Like many of us I read and enjoy both fora regularly. I happened to notice the statistics that both AAAC and SF post on their sites. AAAC has more members, more active members and more threads but SF has more than 100,000 more posts. Any speculation on the reason?


----------



## MrRogers (Dec 10, 2005)

I'll take quality over quantity anyday

MrR


----------



## voxsartoria (Nov 21, 2006)

*Is not Style Forum a bit broader?*



gng8 said:


> Any speculation on the reason?


For example, their forum on Streetwear and Denim has no analog here.

(That reminds me: my mind is getting quite dizzy at how much denim I could aquire with $100K. I will sleep soundly tonight!)

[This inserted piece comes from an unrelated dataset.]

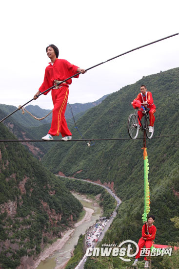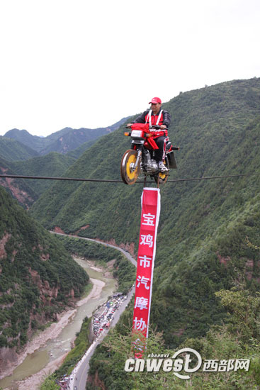 摩托车、自行车走钢丝横越嘉陵江是凤县旅游节系列活动之一,近万名游客和骑行爱好者聚集凤县灵官峡景区,观看穿越活动。来自宝鸡市汽车摩托车运动协会的罗周强和河南黄河特技队的三名队员用骑摩托、骑自行车和徒步的方式,通过一根悬在钢丝横空穿越了险峻灵官峡和滔滔嘉陵江。

Also, didn't AACC lose some threads from a software issue?

Regards,
Bill


----------



## Mattdeckard (Mar 11, 2004)

Different style.


----------



## ndemeis (Oct 2, 2006)

I'm a convert from Styleforum. I still read both but i find this forum to be more helpful. Styleforum to me has gotten very sale oriented as well there seems to be a more casual style with their focus on streetwear. Also i don't notice as much brand bias here but only time will tell. Both forums are great but serve different purposes to me.


----------



## AlanC (Oct 28, 2003)

Style Forum has more active community fora, and also a much more active sales forum. Keep in mind that when SF went down some time back months and months of posts were lost so the gap may actually be bigger.


----------



## JLibourel (Jun 13, 2004)

I think the percentage of short and snappy replies on SF is much higher than here, where we tend go more in-depth...or be more verbose and prolix, depending on your point of view.


----------



## acidicboy (Feb 17, 2006)

... and SF has a lot more spammers, trolls and the likes.


----------



## hopkins_student (Jun 25, 2004)

acidicboy said:


> ... and SF has a lot more spammers, trolls and the likes.


Yeah, but the trolls here *cough*Fogey*cough* are much more active.


----------



## lovemeparis (May 20, 2006)

*The Style Forum...*



JLibourel said:


> I think the percentage of *short and snappy replies on SF is much higher than here*, where we tend go more in-depth...or be more verbose and prolix, depending on your point of view.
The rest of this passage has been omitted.